--- Material provided ---
--- START ---

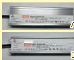
A Type 320W
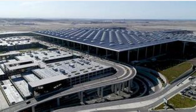
İstanbul Havalimanı ge¼en hafta Avrupa'da en çok uçuř yapılan havalimanı oldu
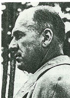
写真-3 フリッツ・トット
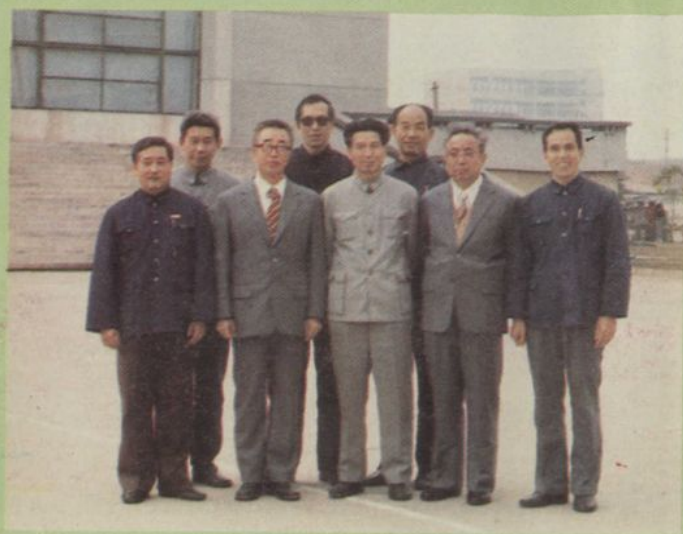
学院部分领导同志合影（1985）

--- END ---

--- What you have to do ---
From the first line to the last, repeat the material exactly, but drop the pictures.

--- Solution ---
A Type 320W
İstanbul Havalimanı ge¼en hafta Avrupa'da en çok uçuř yapılan havalimanı oldu
写真-3 フリッツ・トット
学院部分领导同志合影（1985）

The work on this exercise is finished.